Plus we were out of ice cream.

She hides it well.
Inside she's sobbing.

I left her for Ed.

If you are a steadfast reader of this blog, as I am, you'll recall Ed Eisele, a migratory beekeeper who sold us a forklift down in Florida. You'll also recall a bit of difficulty getting it home. I had to load it on the back of the flatbed. The trailer was conveniently 1500 miles north.
So this week I made a quick trip to Michigan.

Together at last!

Really, it was a shopping trip for the bees. I'll show you later.

When I got up to Big Rapids, I was surprised to find a brand new building going up.

Enough of this hobbying around. Ed is going big!

Kidding. Ed has been big. For 40 years. He's just moving. Leaving a warehouse in town and putting up a spanking new facility to his liking. 
Kind of like us. Ha Ha.

Together, Ed and his son Stephen run close to 7000 hives. Michigan is home base, but the bees move from state to state. When we saw him in Florida, Ed was loading bees for California. At the moment they've got bees in Maine and Michigan. They'll soon be pollinating cranberries in Wisconsin.

Ed knows bees.
Getting up there, I couldn't help but pry into Ed's business.
And Ed is a nice guy. He offered to show me around.

The soon to be extracting room

It wasn't until about the end of the tour I remembered to snap a few pictures.
So here you are, a sneak peek inside a commercial honey house.

Everything is palletized around here.

The higher the better.
Higher ceilings mean more storage.

And you need storage.
If you know beekeepers, there's no end to the equipment.

Ed's big cappings spinner

Drums soon to be filled with star thistle honey.

Ed say's he needs to find a couple hundred more drums.

The hub-- all the activity revolves around Ed's instruction.
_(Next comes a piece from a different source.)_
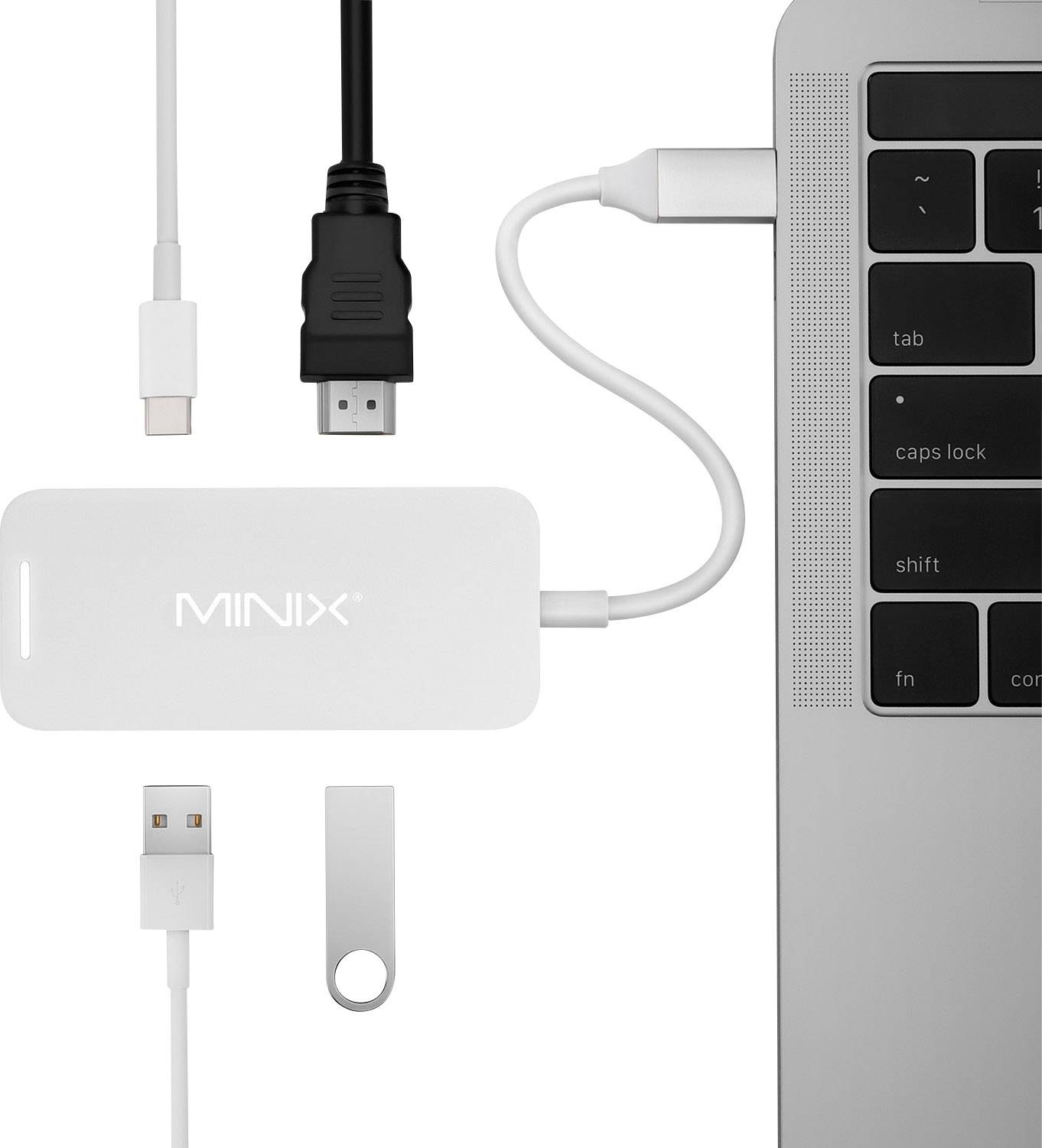 Mit dem MINIX NEO C Mini - USB-C® Multiport Adapter können Sie Ihr MacBook/Notebook mit USB-C®-Anschluss an ein HDMI-Display und gleichzeitig zwei Standard-USB-Geräte und ein USB-C®-Ladekabel anschließen.

There were, I think, eight people running around doing various tasks. Ed uses his phone like a pro. The man knows how to delegate.
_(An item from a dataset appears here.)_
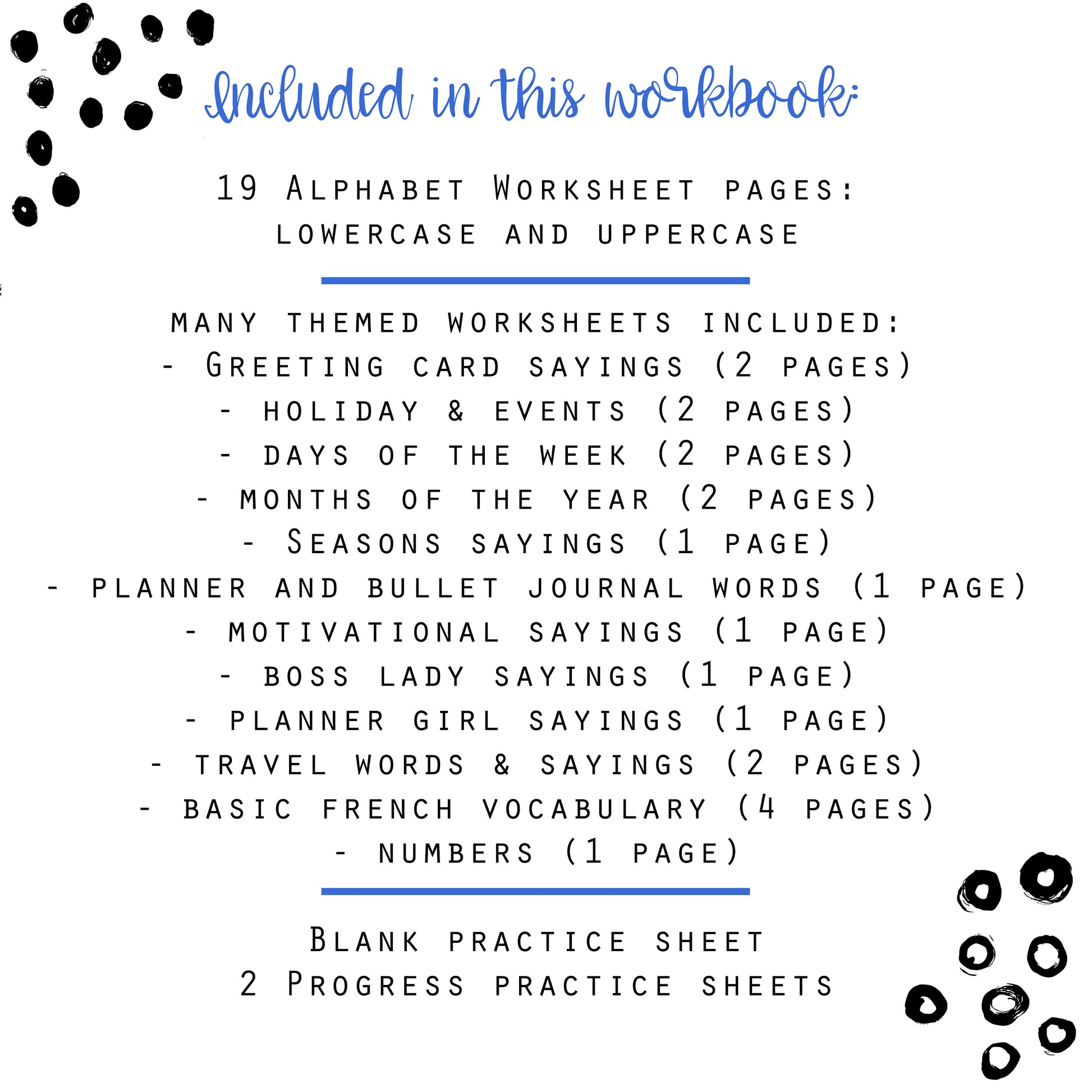 The document also includes a blank worksheet, as well as 2 progress worksheets to compare your hand lettering before and after completing the workbook.

2000 new supers are put together in a jiffy.

Ed is an optimist.

Old supers get some new frames.

And the foundation is all waxed with Ed's wax.

There were three Hummerbees on the move. 

And three big flatbeds to haul supers and pull those Hummerbees.

I didn't get a picture, but I was happy to see pallets of protein patties. It seems Ed thinks a little supplemental protein is a good thing. I know I've jumped on that wagon.

And that was the shopping part of the trip-- a stop in Albion to load up on protein.

We want our bees ripped.

This stuff tastes like a Power Bar and it costs about as much.
When I finally break the bank trying to take care of bees, we'll be feeding MegaBee to the children.

Of course we have to stay busy in July. A little frame building is in order. 

I don't know, maybe seeing Ed put me in the mood for increase.

Thanks to some generous honey giving, we won't breakfast on MegaBee just yet. This is Florida citrus honey by way of Michigan. Ed says he's sitting on 25 drums, looking for a buyer.

You may be in luck. Ed, Baby Eden will let you know.